What the voters said about Sizzletown

Tony Martin’s attention to detail has produced something hilarious yet again.

Tony Martin’s podcast experiment may not always have the tight, sharp bite of his work on Martin/Molloy, or the sublime flights of whimsy and obsession in Get This, but it is thrilling to listen to one of the country’s best comedic minds riff with himself, rambling down some surreal avenues and serving up some hysterical character work.

Sizzletown has shown us yet again why a Tony Martin-free radio landscape is a fucking crime.


Best Comedy

Runner-up

Sizzletown

25.97% of the votes

Sizzletown was always going to do well these awards. Not just because lots of Tony Martin fans read this blog, but because lots of comedy fans like Tony Martin. How could they not? Since the 1980s he’s been involved in one high-quality show after the other, and never stopped trying to be even better than he was before. This move into improvised comedy, where he created and played a variety of weird and wonderful characters, was a little unexpected, but it worked. Although it hasn’t done a great deal for the image of nut butter.

Runner-up

Have You Been Paying Attention?

35.06% of the votes

If you were to look up “well-oiled machine” in the dictionary, you’d… wait, do people still look things up in dictionaries? Over the years this has become the platonic ideal of Australian topical comedy, with a solid collection of guests (including a bunch of regulars who’ve developed into actual comedy characters), a format that manages to be both informative and funny without getting bogged down in the kind of boring chit-chat that kills 90% of panel shows, and a commitment to actually making jokes that’s so strong it’s even survived a procession of dodgy celebrity guests plucked from Ten’s endless run of crap reality series. It’s good television, and hopefully they can keep it going until society finally collapses later this year.

Winner

Shaun Micallef’s Mad As Hell

70.13% of the votes

While Shaun Micallef’s never really been a political comedian or satirist, 2018 was the year in which he got pretty close. His rage at our current crop of politicians – who in the past couple of years have done little more than lurch from one leadership spill to the next while our earth warms and our rivers turn to dust – was palpable, and necessary. Micallef knew this wasn’t the time for whimsical humour about a green octopus who pops out of a cupboard when Toni Basil’s Mickey plays. Okay, there was some kraken, but Mad As Hell in 2018 was more about skewering politicians than anything else, and boy was it good. There are lots of shows around the world mixing news footage with comic commentary and parodying politicians, but from what we’ve seen, Mad As Hell is the best. SNL might have Alec Baldwin as Donald Trump, and Britain’s The Mash Report might have Rachel Parris’ inane and hilarious round-up of viewer tweets, but only Mad As Hell has Darius Horsham, Dolly Norman and Casper Jonquil. And only one country has Shaun Micallef. We truly are the Lucky Country.

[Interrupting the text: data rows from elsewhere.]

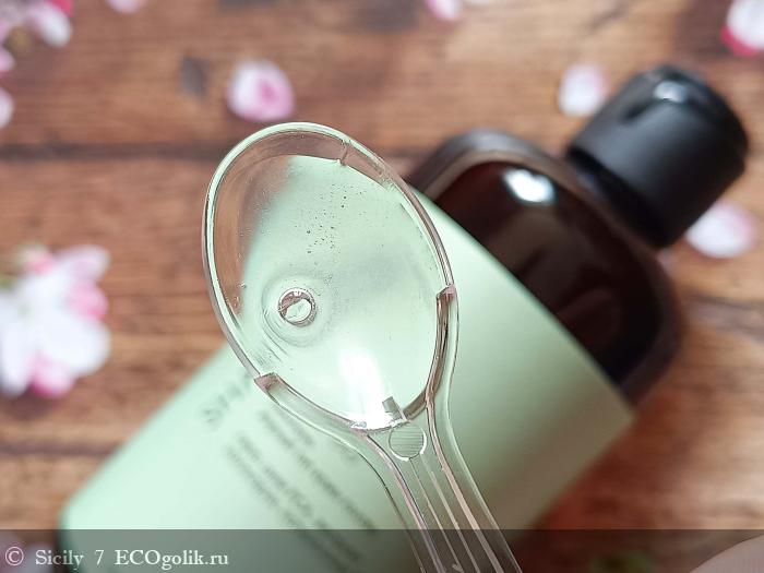 Шампунь имеет довольно жидкую прозрачную консистенцию, с приятным свеже-цитрусовым ароматом, который не остается на волосах.
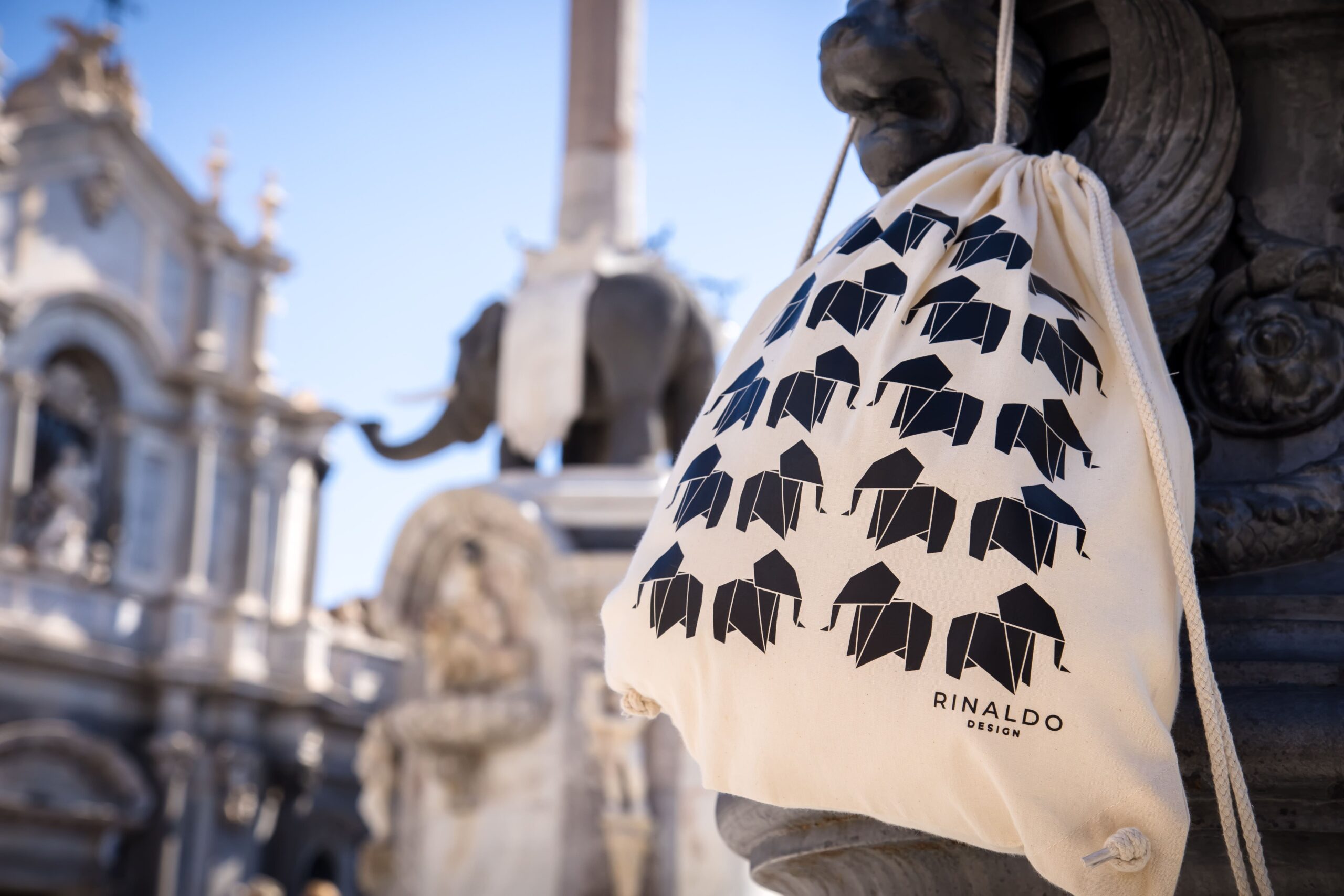 Sacca con cordoncino pratica e versatile dedicata a “u Liotru” – l’elefante di Catania – la fontana in pietra lavica, simbolo di forza e identità della città.
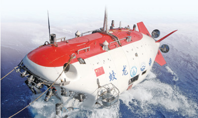2012年6月15日,蛟龍?zhí)栞d人潛水器進(jìn)行7000米級(jí)海試首次下潛試驗(yàn)。(人民視覺(jué))
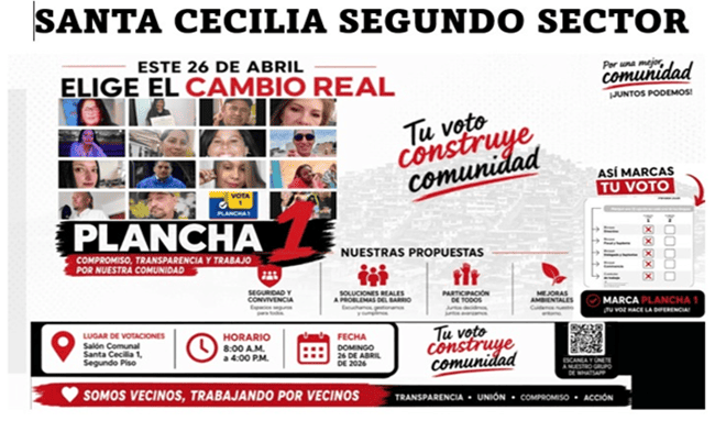 En el marco de las elecciones comunales, la Plancha 1 del barrio Santa Cecilia II sector, en la localidad de Suba convocó a la comunidad a participar en la jornada electoral que se realizará el próximo domingo 26 de abril de 2026.

What the voters said about Shaun Micallef’s Mad As Hell

Mad As Hell is so damned good it literally makes everything else on Australian television seem like white noise. And God help shows like The Weekly, that dare to try and fill its time slot during its off-weeks. It remains sharp-eyed and caustically satirical, is capable of hilariously surreal flights of fancy, and has the best line-up of writing and performing talent of any production in the country. Nothing is this good. Nothing else even seems to be trying by comparison.

Shaun Micallef still notching up a consistently high laugh rate on Mad as Hell.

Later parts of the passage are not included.